Trump destrói influência global que os EUA levarão décadas para construir
E não é só a economia americana que sentirá o baque. A imagem dos Estados Unidos no mundo e o soft power que o país levou décadas para acumular são abalados pela guerra tarifária, descrita em editorial do Wall Street Journal como a “mais idiota da história”; o bloqueio da ajuda a outros países; e a decisão de enviar milhares de refugiados de volta para Venezuela. “Cada uma dessas jogadas representa outro prego no caixão do poder brando dos EUA”, escreve Max Boot.
“É impressionante ver quanto dano Trump causou ao poder brando dos EUA em apenas duas semanas, e doloroso imaginar o quanto mais ele poderia fazer nas próximas 206 semanas. Quaisquer pequenas concessões que Trump possa eventualmente extorquir de aliados dos EUA, como México ou Canadá, com suas demandas pesadas, não valem o dano aos relacionamentos de longo prazo dos Estados Unidos com esses países.”

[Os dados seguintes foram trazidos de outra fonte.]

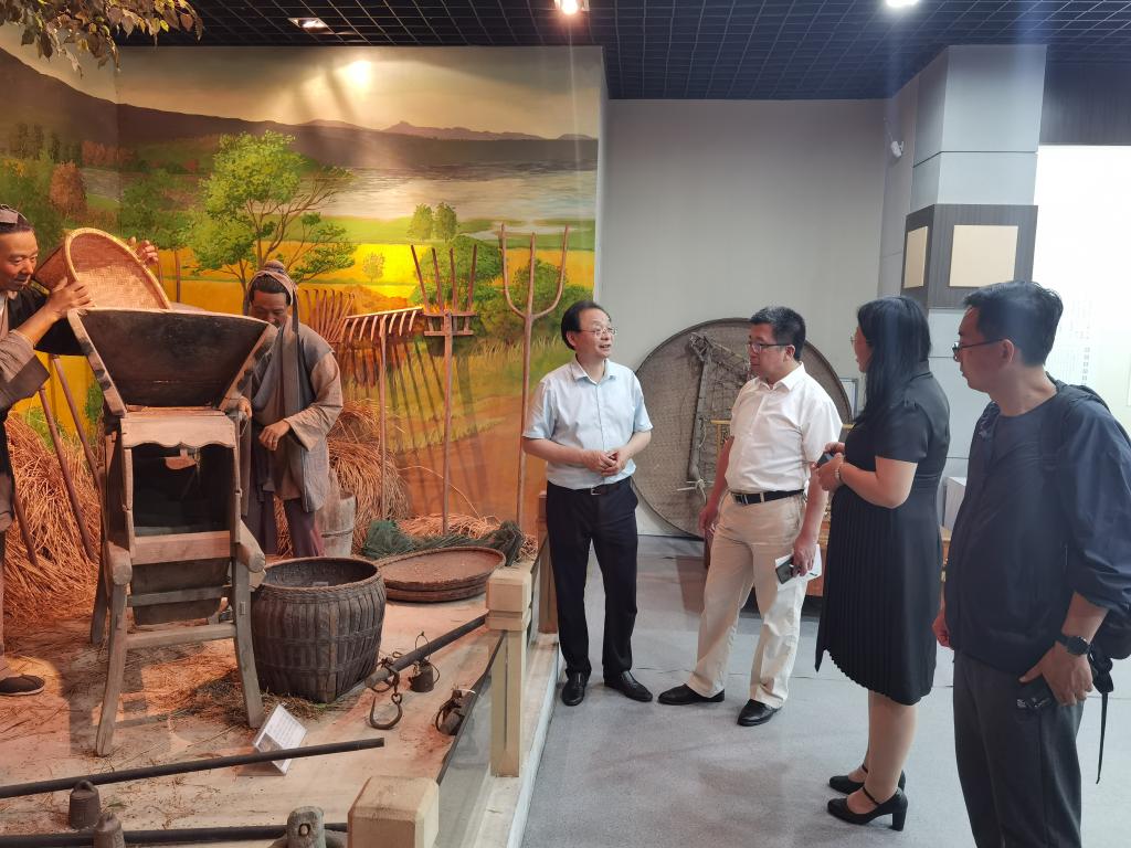 为认真贯彻落实习近平总书记关于传承农耕文化指示精神,大力传播传承农耕文化,深入推进党史学习教育,6月3日,农学院党委书记何世潮带队赴安徽省农业博物馆(农博馆)实地考察学习,双“农”同心,洽谈合作共建万搏官方网站_万搏(中国)股份有限公司,“三农文化墙”事宜,传播传承农耕文化。农学院植物保护系主任毕亚玲博士、现代农业实习实训中心主任郑甲成博士、副主任王增霞博士随同调研。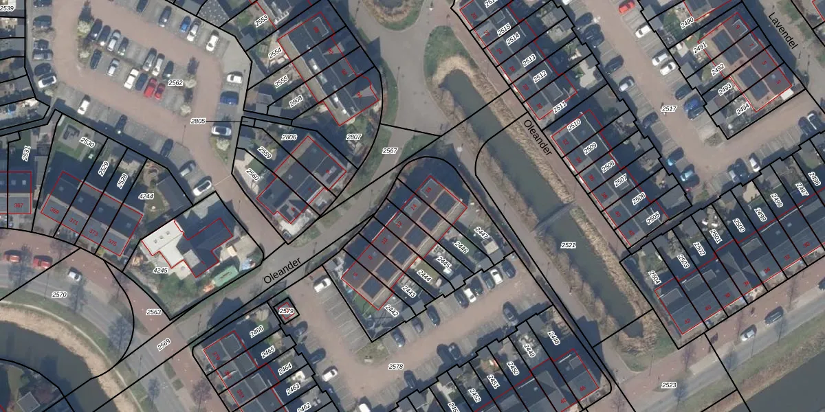 Het perceel waarop Oleander 14 staat heeft een oppervlakte van 162 m². Dit is een middelgroot perceel. De perceeloppervlakte wordt geregistreerd door het Kadaster. Gedetailleerde informatie over de maten van dit perceel kunt u vinden in het rapport Kadastrale kaart met maatvoering van Oleander 14.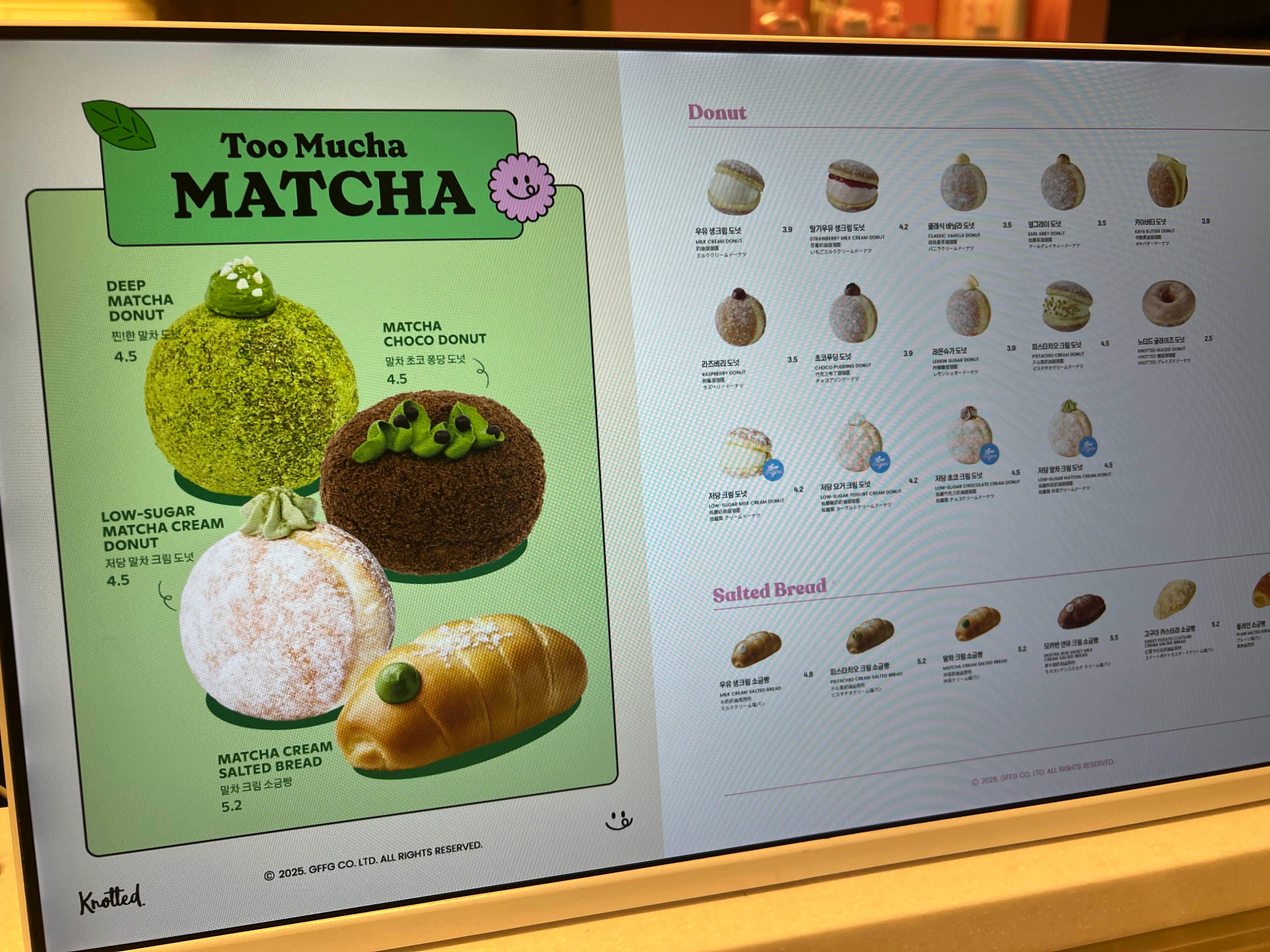 지난 주말, 안성 스타필드 구경하다가 달콤한 냄새에 이끌려 들어간 곳! 바로 노티드 도넛(Knotted). 늘 줄이 길다길래 궁금했는데, 이번엔 타이밍 좋게 웨이팅 거의 없이 입장! 👍👍
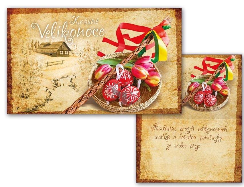 Velikonoční přání s textem uvnitř. Blahopřání s obrázkem jarní krajiny, kraslic a pomlázky.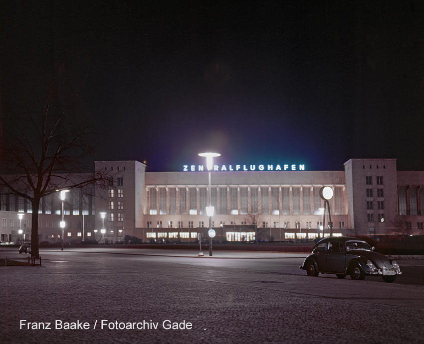 1960. Deutschland. Berlin. Tempelhof. Platz der Luftbrücke bei Nacht. Hungerharke.
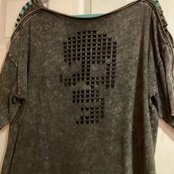 Oversized short sleeve tunic top with skull deign and cold shoulder$20Baldwin, NY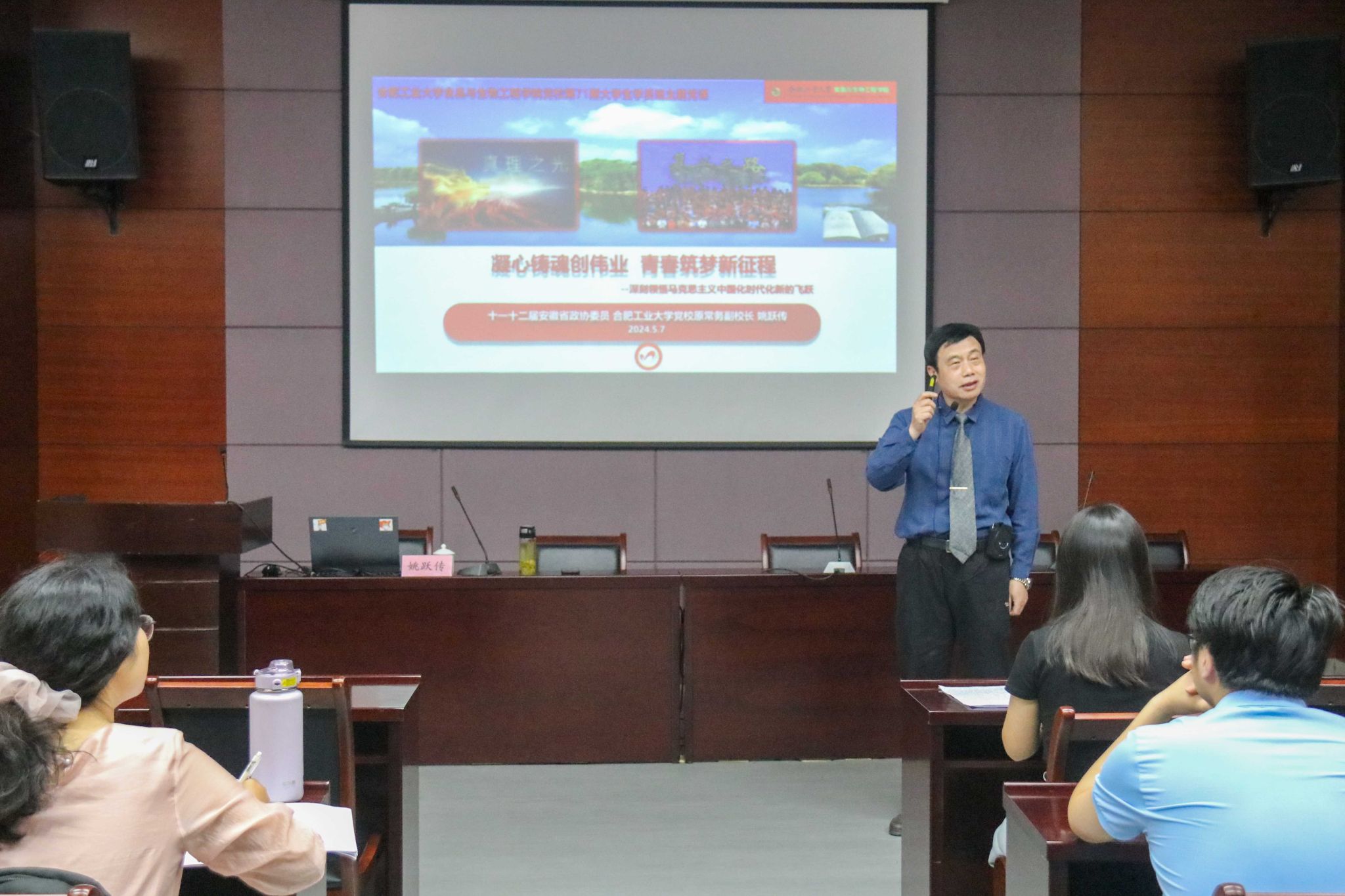 5月7日,英国365集团官网分党校第71期入党积极分子班在科教楼A座第五会议室开展专题党课,本期党课由十一十二届安徽省政协委员、英国365集团官网党校原常务副董事长姚跃传主讲。姚跃传作了题为《凝心铸魂创伟业,青春筑梦新征程--深刻领悟马克思主义中国化时代化新的飞跃》的报告。姚跃传讲述了习近平新时代中国特色社会主义思想创立的时代背景、实践基础与历史地位,特别是党的十八大以来,以习近平同志为核心的党中央审时度势、...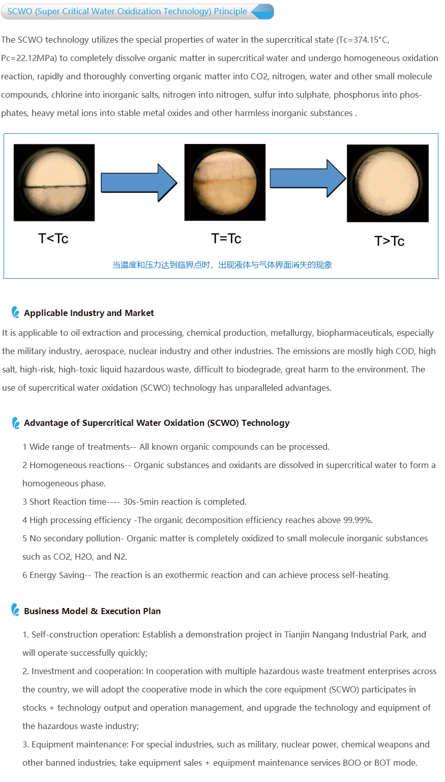 Tianjin DXC Environmental Technology Co., Ltd. is focused on chemical industrial wastewater management systems and zero-emissions technology, and is dedicated to solving difficult-to-degrade industrial wastewater, high-risk (teratogenic, carcinogenic, mutagenic) industrial waste fluids, sludge hazardous waste, etc and providing comprehensive solutions for wastewater zero discharge for petrochemicals, pharmaceuticals, dye intermediates, and nuclear industries to achieve zero environmental pollution. The new technologies that have been applied are SCWO (Supercritical Water Oxidation) technology, Super Membrane Technology, and MVR Evaporation Technology. The company has established the “Academician Expert Workstation” and cooperated with international leading technology companies to apply SCWO technology to the zero discharge of hazardous waste for the first time in China. It has applied for 8 SCWO technical patents at home and abroad.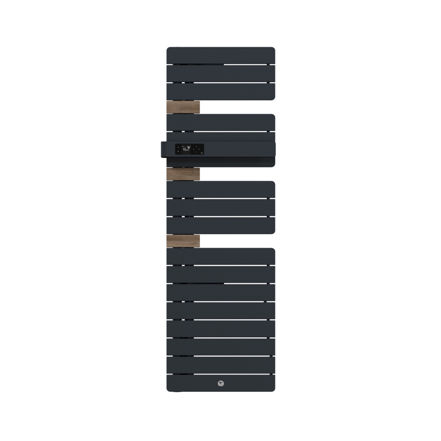 Sèche-serviettes électrique Allure 4 étroit connecté mât à gauche 500 W noir carbone / chêne clair Thermor

Nesse cenário, afirma Boot, a China pode se tornar um parceiro mais atraente e um contrapeso aos EUA para muitos países ao redor do mundo. “Longe de tornar os EUA grandes novamente, essa erosão do poder brando prejudicará a segurança econômica e nacional dos Estados Unidos por anos e anos.”
Loucura, mas com método
O colunista do Estadão, Rodrigo da Silva, relembrou em sua coluna do dia 29 que foi outro presidente americano, Richard Nixon, quem desenvolveu essa estratégia. Ele próprio chamava de Madman theory – a Teoria do Louco. Nixon adorava uma declaração pública irracional, eventualmente insana, previamente calculada para provocar dúvida e medo nos seus alvos.
“Donald Trump nunca negou que Richard Nixon foi uma grande referência na sua formação. Trump desenvolveu o seu estilo de negociação agressivo nos anos 1970, no auge da Guerra Fria, com a ajuda do advogado e amigo, Roy Cohn, conselheiro informal de Nixon. Ele próprio admite que recorre à Teoria do Louco para alcançar ganhos políticos e econômicos”.
Corte de ajuda internacional só prejudica aos EUA
Na mesma linha, a The Economist alertou o bloqueio de ajuda humanitária para outros países cai como um presente para a China, que compete com os EUA por supremacia em poder brando. E destacou que a medida contraria os interesses americanos.
“Arriscar uma fuga em massa de jihadistas torna os EUA menos seguros. Ocasionar miséria afasta amigos e aliados em potencial, o que torna os EUA mais fracos. E um mundo mais pobre acabará tornando também os EUA mais pobres. A generosidade de Washington não é mera caridade. As ajudas externas que criam um mundo mais estável e mais rico atendem ao interesse maior dos EUA. Podem chamá-lo de EUA em Primeiro Lugar, se preferirem”.